Видимо, ему, наконец, стало совестно.

Я с отвращением отворачиваюсь, снова устремляя взгляд на карту. Тонкие пальцы Веры сжимают над ней маркер, и дрожат.

Она вся дрожит беспрерывно. Проклятье.

— Второй участок менее безопасен, — Вера продолжает. — Он находится все равно близко к подножию. Но там доломитовая порода, и много гипса. Есть теория, что это способно гасить и останавливать поток лавы. Она застывает и останавливается, не двигаясь дальше по склонам.

— Водопад, куда ты упала? Это ведь то место? — переспрашиваю, а Вера нервно заправляет волосы за ухо, и кивает, поджимая губы.

Ей сложно. Слишком сложно. А я ничего не могу сделать.

Бессилие бесит, но у меня нет права позволить себе обращать на подобное внимание. Не в такой ситуации.

— Значит, решено, — подытоживая, обращаюсь к профессору Ли. — Погрузка работников на борт, с этого момента, ваша задача, профессор.

— Что? Но как же… Я ведь не военный.

— Вы их руководитель, — напоминаю мужчине. — Несите за них ответственность до конца, профессор.
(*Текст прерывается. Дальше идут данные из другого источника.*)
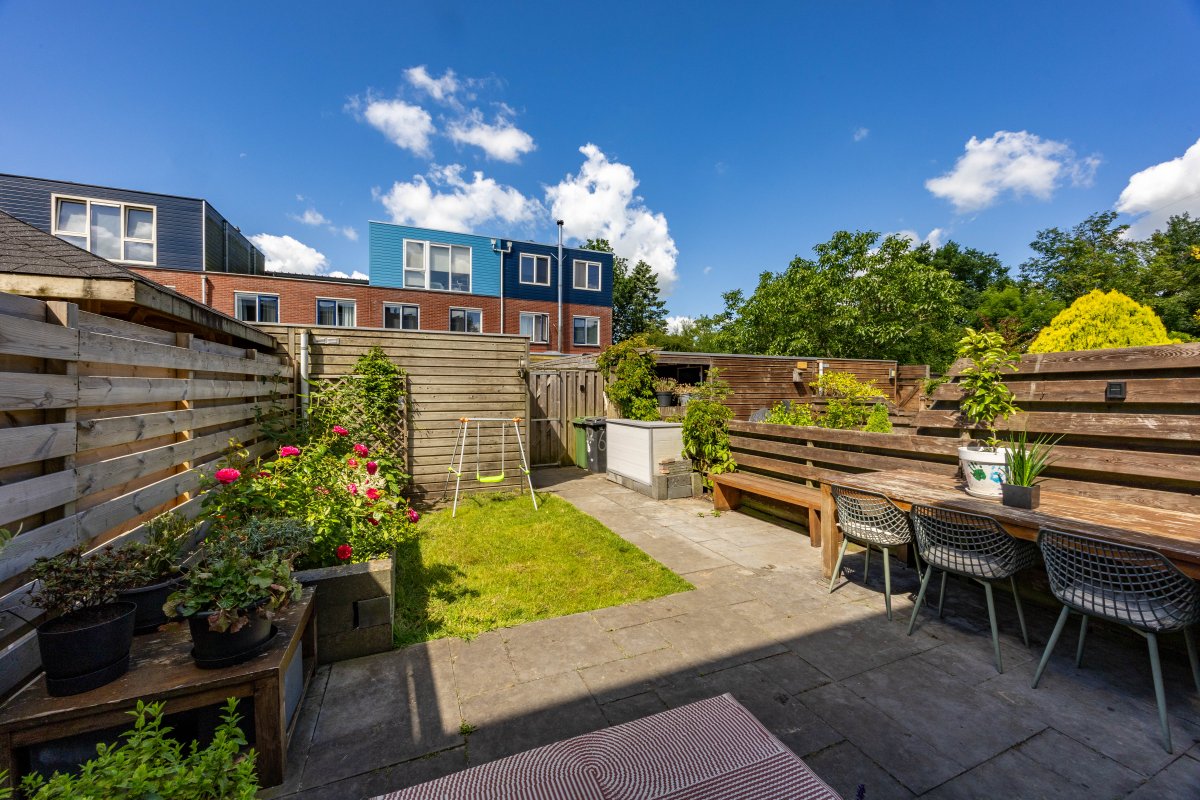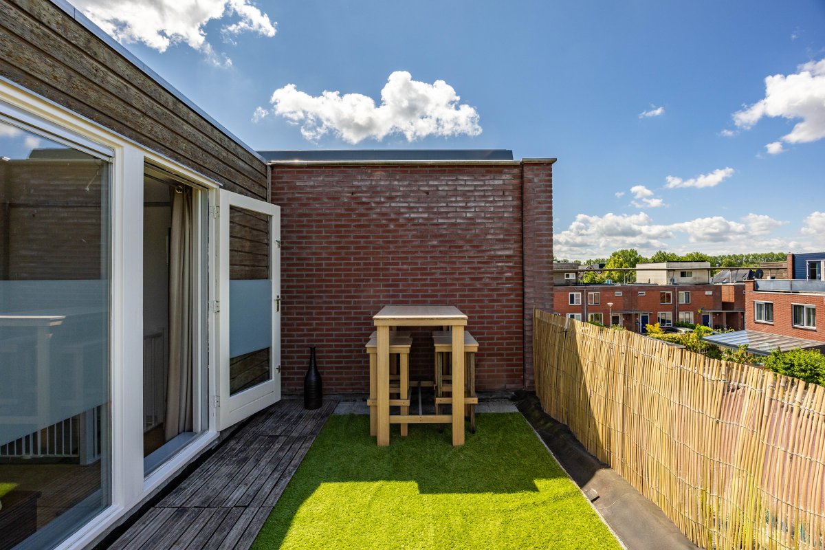 Zowel de besloten achtertuin als het dakterras zijn gunstig gelegen op het zuidwesten — ideaal voor zonliefhebbers!
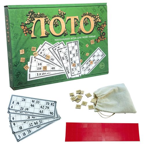 Настольная игра 'Лото'. Ведущий вынимает по одной плашки из мешочка и объявляет цифру. Игроки следят за цифрами на своих карточках. Если цифра (цифры) совпадает с названной, игрок накрывает ее фишкой. Победителем становится тот, кто первым накроет все цифры на карточке. В игре могут принимать участие до 12 человек от 6 лет.

Он недовольно поджимает губы, хмурится, но кивает, и уходит. Мы останемся с Верой одни, и у меня появляется тридцать секунд. Ничтожных тридцать секунд, которые я себе позволяю, чтобы обнять ее и унять дрожь.

Рывком тяну Веру к себе, а она чувствует меня без слов, и так крепко обхватывает руками, что на миг я задерживаю дыхание.

— Мне страшно, Сан.

— И мне, — отвечаю правдиво, и обнимаю ее крепче.

Вера прячет лицо на моей груди, и ее дрожь понемногу стихает.

— Бояться нормально, Вера. Страх — инструмент самозащиты. Он спасает от опасности.

— Ты не уговоришь меня улететь, — она поднимает лицо, заглядывает в глаза, наверное, в поисках понимания.

Но его там нет. Я не намерен рисковать ее жизнью. Ни за что.

— Вера, это бесполезный разговор, — холодно отвечаю, и отпускаю ее.

Наши тридцать секунд прошло.

— Я никуда не полечу без тебя, — она ощетинивается, и не позволяет оборвать свои слова. — Я слишком много раз бросала тебя. Я дала слово, Сан. Пообещала, что не оставлю. Я собираюсь его держать.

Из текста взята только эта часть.